“Once upon a time there was a girl who liked ice cream and a boy who liked coffee. One day, they decided to try it together. The rest is history.”
This is the simplified version of the story behind Eiskaffee, a newly opened coffee and ice cream shop located within the renovated and expanded 11th Avenue Hostel in Denver.
cobbler (pronounced “ice café”) is a German treat that combines ice cream and coffee. In a German café, you’ll get your food cobbler in a tall glass. In the newly opened Denver store, you can have your own cold nitro drink with two scoops of ice cream in miniature, topped with whipped cream, grated chocolate, and a thin slab of waffle cone.
Eiskaffee offers European tastes and the sweet taste of caffeine, according to their owners Erika Thomas and Chad Stutz.

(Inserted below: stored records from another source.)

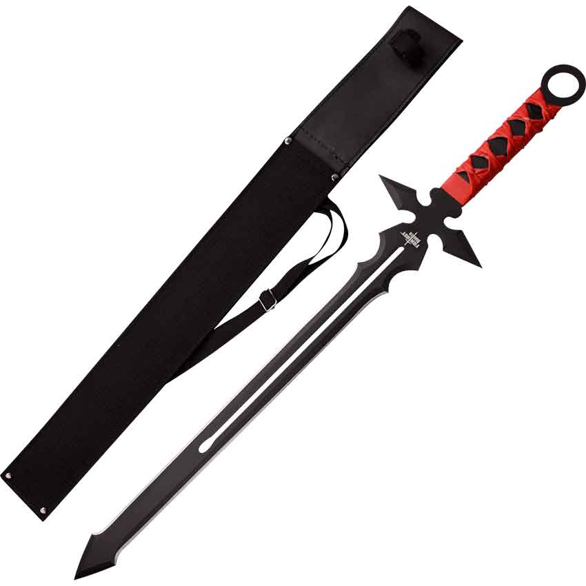 What necromancer, knight, or mage wields this wicked short sword in the fray of battle? The Red Wrapped Fantasy Short Sword possesses a unique design inspired by the imagination and creativity found in magical legends and tales. The stainless steel sword displays a blackened blade with a handle wrapped in vivid red synthetic cord. The crossguard arrows off to each side, and the tip of the fantasy sword flares slightly for a striking look. A thin cutout runs down the center of the black blade. A ring appears at the end of the handle. This decorative sword comes with a black nylon sheath for storing or carrying.
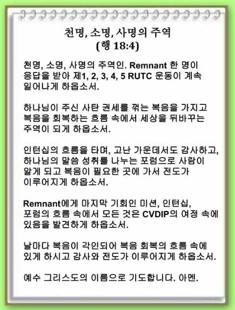 천명, 소명, 사명의 주역이 Remnant입니다. Remnant 한 명이 응답을 받으면 제1, 2, 3, 4, 5 RUTC 운동이 계속 일어납니다. 이 축복을 누리려면 3가지 흐름을 타야 합니다. 어떤 흐름일까요?
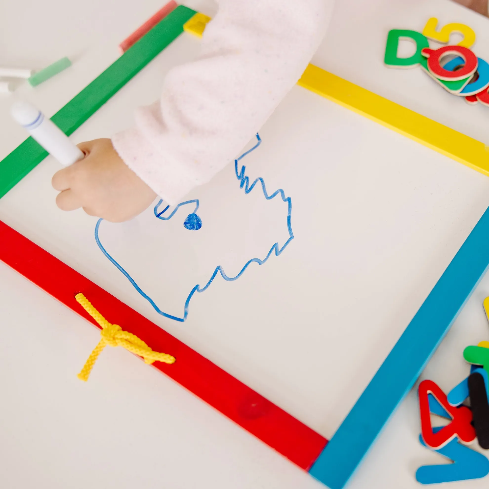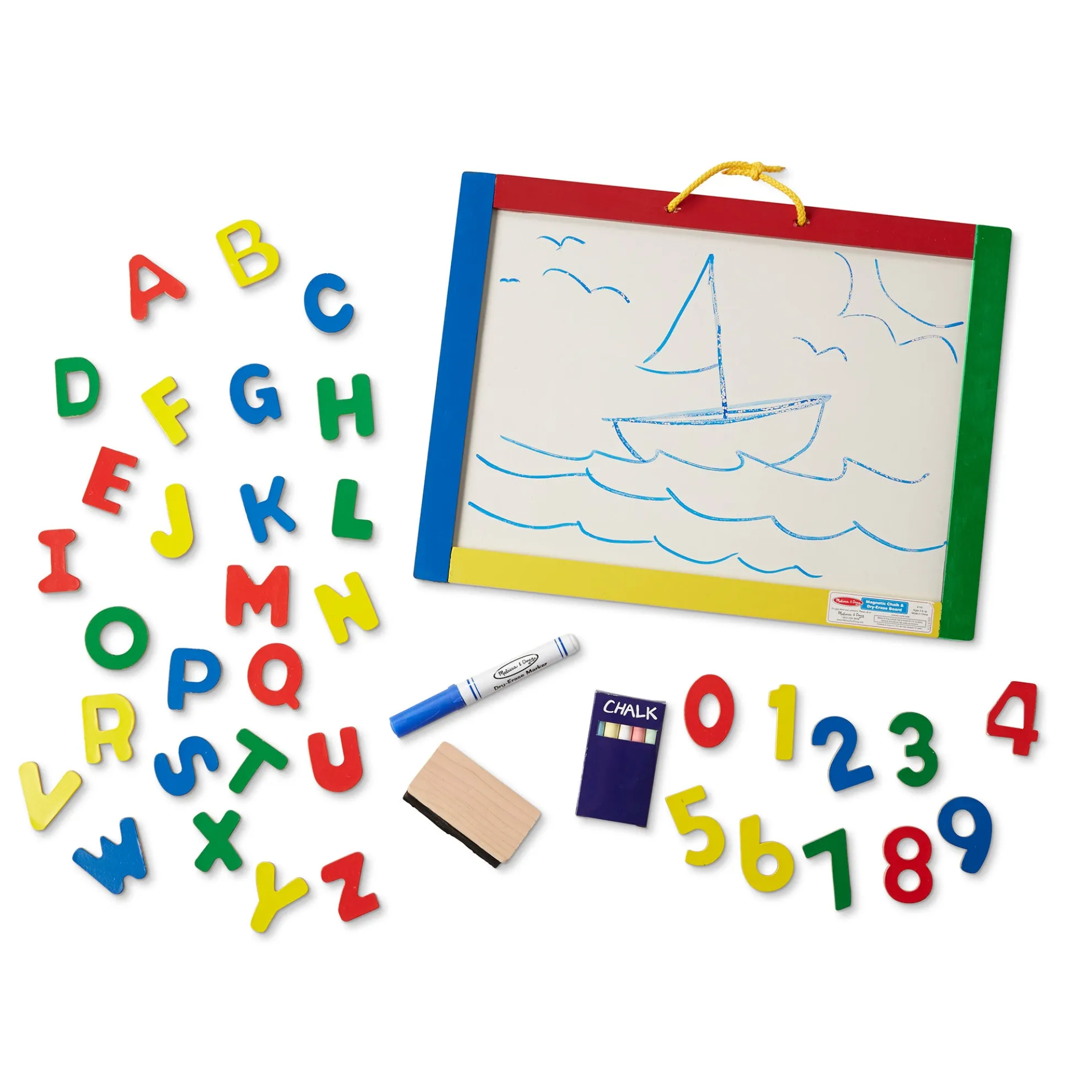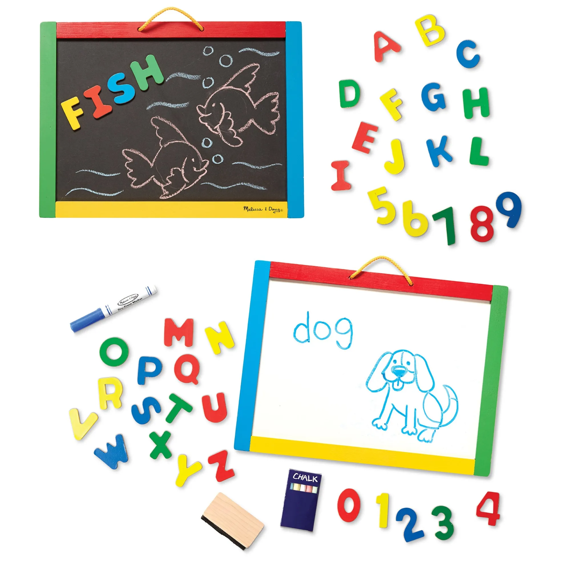 Your child can have twice as much fun with this double-sided activity board! The Melissa & Doug Magnetic Chalk & Dry-Erase Board features a magnetic chalkboard on one side, and a dry-erase board on the other. It comes with three sticks of colored chalk, a dry-erase marker, eraser, and 36 bold magnetic uppercase letters and numbers. Little artists can express themselves in so many ways as they draw, spell, count, and engage in pretend play. The Classic Toy also provides opportunities for kids to practice letter, number, and color recognition, and fine motor skills. It’s a great toy to share with friends and other family members. The 16-inch x 12-inch board is constructed of high-quality durable wood, and has a handle making it easy for little ones to carry or hang up for display. The activity board makes a great gift for kids ages three and older for hands-on, screen-free play.
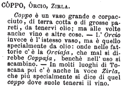 | Coppo, Orcia, Zirla - Coppo è un vaso grande e corpacciuto, di terra cotta e di grosse pareti, da tenervi olio; ma alle volte anche vino e altre cose. - L'Orcio invece è l'istesso vaso, ma è quello specialmente da olio: onde nelle fattorie c'è la Orciaja, che mal si direbbe Coppaja, benchè nell'uso si scambino. - In molti luoghi di Toscana poi c'è anche la voce Zirla, che più specialmente si dice di quel coppo dove suole tenersi il vino. [immagine] |
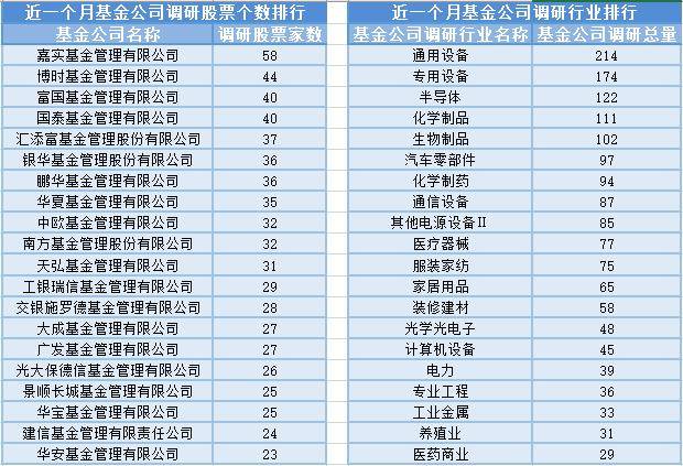 近一个月(5月27日-6月27日),嘉实基金参与公司调研的数量最多,共调研58家上市公司,然后调研较为活跃的还有博时基金、富国基金和国泰基金,分别调研44家、40家、40家上市公司;从调研行业上来看,基金公司对通用设备行业的上市公司调研次数最多,共有214次,其次是专用设备行业,基金公司调研了174次。
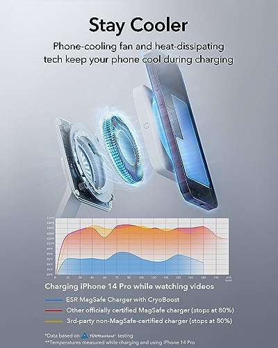 CryoBoost's phone-cooling fan and heat-dissipating components keep your phone below 98°F during charging while other MagSafe chargers heat your phone to over 108°F. This cooling protects your battery, keeps charging speeds at their maximum, and ensures your phone stays cool to the touch.
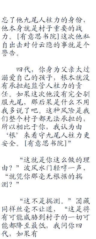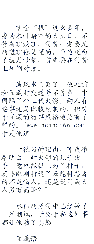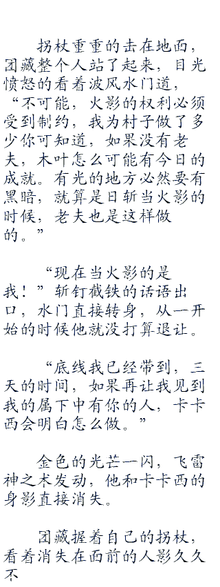 戴着面具的“根”部忍者行礼,不发一言的退出了房间。团藏的目光随之看向了波风水门的身后。
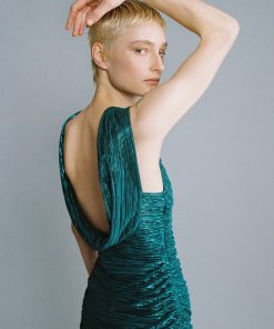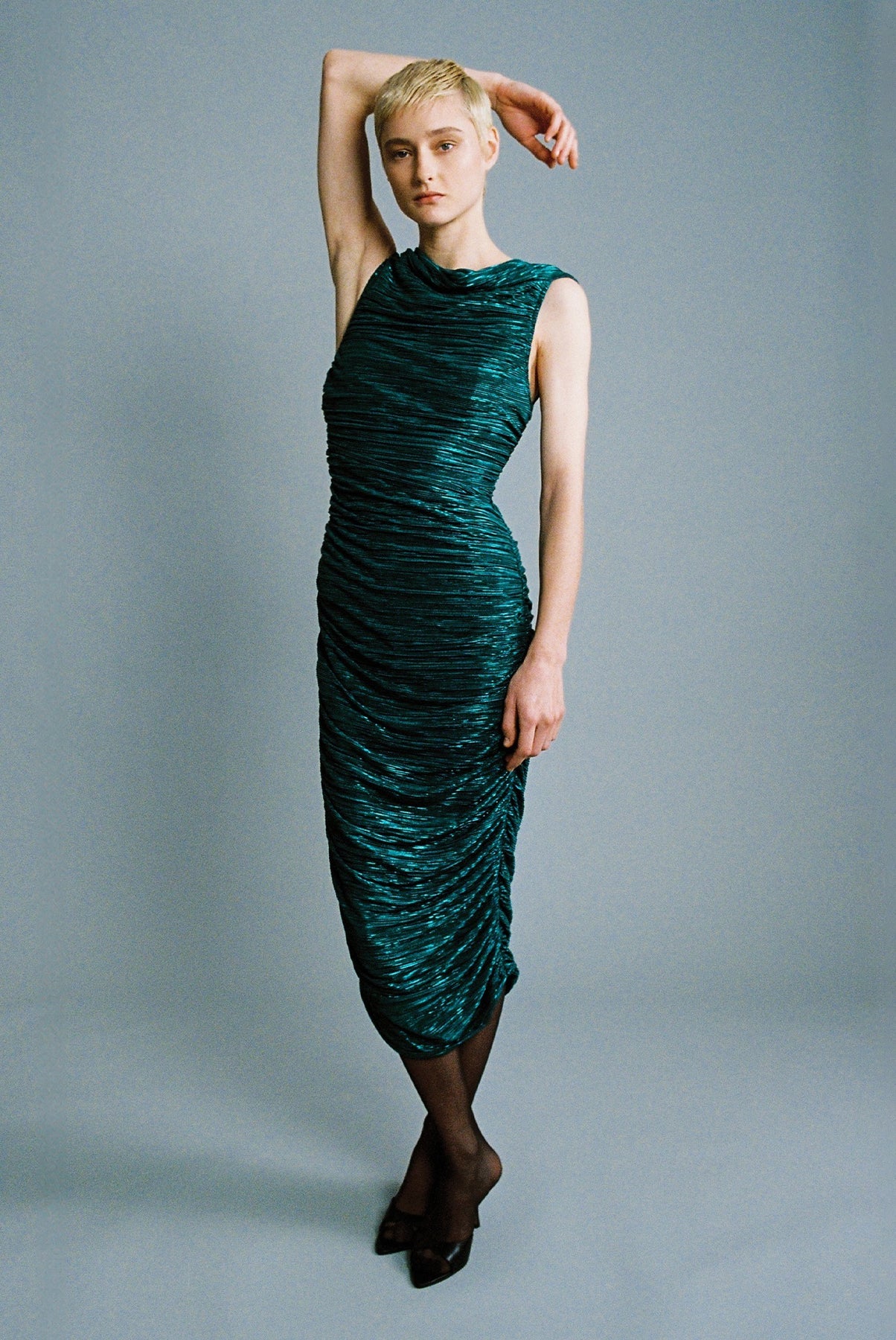 Pleated knit with foil midi dress featuring a deep opening at the back, and side draped detail.

The two waited for a while to open the store, the sister concept of another ice cream venture, High Point Creamery, which was founded in 2014 and already has four Denver locations at RiNo, Berkeley and Hilltop and at Choice Market on Broadway. They cited equipment and construction delays due to supply chain problems to delay the opening by about 18 months.
“It’s been a long year since we started talking to him [the hotel] Before they even started renovating, and the process took longer than anyone could have imagined just because of COVID and it all ended up happening,” Stutz said.
Meanwhile, the pair have run an Eiskaffee from a small food stall at the Grange Hall Food Market in Greenwood Village. Now they say they’re looking to have enough room to make more pastries to serve along with their 14 flavors of ice cream and “waffle chops”—yes, that’s a shot of espresso served in a chocolate-lined waffle cone cup.
Thomas said that some of their ice cream flavors are European-inspired to thematically match the name of the store’s namesake. Customers can choose Belgian chocolate, Bavarian cream or Scotch pudding from a list of traditional flavors such as chocolate, strawberry and vanilla.
This development is convenient due to their home within a hostel, which is the name for the traditional low-cost dormitory-style traveler’s hostel that is more popular in Europe than in the US
“We’re really excited to bring this concept fully to life,” Thomas said, looking around the new space. And who doesn’t love coffee and ice cream?